I felt myself go very still. Maggie was sitting up in bed now, staring across the room at me with a look of concern on her face. She raised her hands and her shoulders as if to ask, What's going on? and I had to turn my back to her to keep from bursting into tears.

“Mom?” Diana said. “Are you still there?”

“I'm here.”

“I know you don't just sit around. You have your garden club or whatever. But now that I'm here, I just want to stay a little longer. You can understand that, can't you?”

Of course I could understand that. What I couldn't understand was why she had to be so hurtful to me.

“Diana,” I said. “If you want to stay, of course you should stay. I'm just a little disappointed, that's all.”

“See, that's the problem,” my daughter said. “I don't think you have a right to be disappointed. Instead of sitting around waiting for me to come back, it's time to get your own life together.”

Now I could barely breathe. And definitely couldn't speak.

“Listen,” she said. “This call is costing you—or Daddy or whoever—a million dollars. I'm still not sure how much longer I'm staying, at least a couple more months. I hope you're going to be okay with this.”

“Mmmmm-hmmmm,” I managed to say.

“All right. I'll call you again as soon as I can. I love you.”

I was about to say I loved her too, but the line went dead. I stood there for a moment breathing, and then turned around to face Maggie, who took one look at me and leaped out of bed and crossed the room to take me in her arms. Now I let myself go, sobbing against her shoulder. It wasn't that Diana was staying that left me so shattered. Sure, I felt let down, but I could certainly survive for a few more months, for however long she decided to stay away. What was intolerable was how distant we'd become in every other way, and how impossible it felt for me to reach her.

“That's all right,” Maggie soothed, patting my back. She hugged me and reassured me as I told her what was happening, what Diana had said, how I felt.

Finally, when I calmed down, she stepped back and forced me to look her in the eye. “You know,” she said, “this might be a blessing in disguise.”

“What do you mean?”

“What you started last night,” Maggie said. “It gives you a chance to see it through.”

“With that guy?” I said. “I'm not really—”

“I'm not talking about the guy,” Maggie interrupted, “though he could be part of it. What I mean is with the looking-younger stuff. You could play it out, see what happens.”

“You mean see how many twenty-five-year-old guys I can hoodwink into kissing me?”

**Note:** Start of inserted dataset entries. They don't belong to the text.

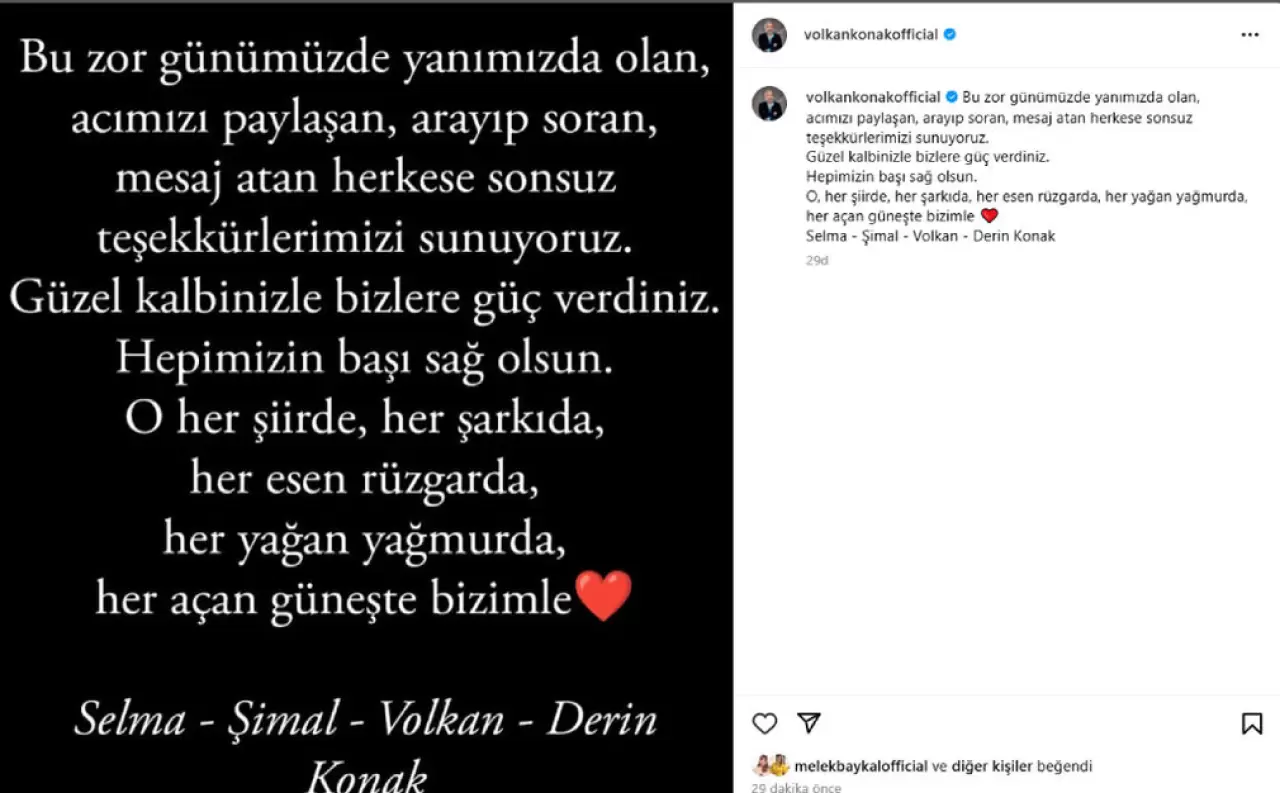 “Bu zor günümüzde yanımızda olan, acımızı paylaşan, arayıp soran, mesaj atan herkese sonsuz teşekkürlerimizi sunuyoruz. Güzel kalbinizle bizlere güç verdiniz. Hepimizin başı sağ olsun. O, her şiirde, her şarkıda, her esen rüzgarda, her yağan yağmurda, her açan güneşte bizimle.”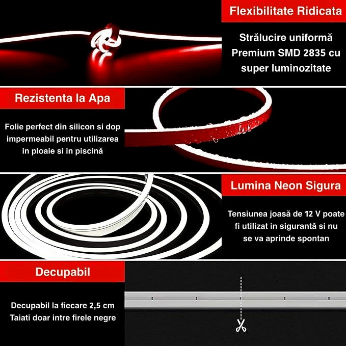 Banda Neon LED Roșu Închis de 5M – Iluminat Rezistent la Apă pentru Interior și Exterior, cu Adaptor Inclus
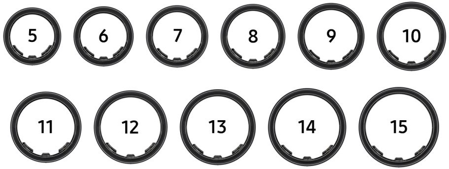 Nájdi si tú správnu veľkosť pomocou setu Galaxy Ring Sizing Kit. Veľkosti prsteňov Galaxy Ring sa môžu od bežných veľkostí prsteňov líšiť, preto si pri nákupe zaobstaraj set na určenie veľkosti, aby si pre svoj prst objavil/a ideálnu veľkosť. Vyber si z ponuky 9 vzorových prsteňov a maj ich nasadené viac ako 1 deň, aby si sa uistil/a, že sa ti nosia pohodlne.

“If you're going to pretend to be younger,” said Maggie, “you're going to have to stop using words like
hoodwink
.”

“What's wrong with
hoodwink
?”

“It's antiquated. It's the
beau
or
nylons
of tomorrow.”

“Wait a minute,” I said. “Who says I want to pretend I'm younger?”

“Listen to me,” Maggie said. “What happened in the bar last night, that wasn't a fluke. Since I've had my way with you, you look fantastic. And now Diana calls and says she's not coming home for a while. It's your opening! There's nothing stopping you now from putting yourself out there, applying for a few jobs, and why not, maybe going out with a few guys—”

“This is outrageous.”

“What's outrageous? You said yourself, you wish you were younger. You've got to get a job, whether you want one or not.”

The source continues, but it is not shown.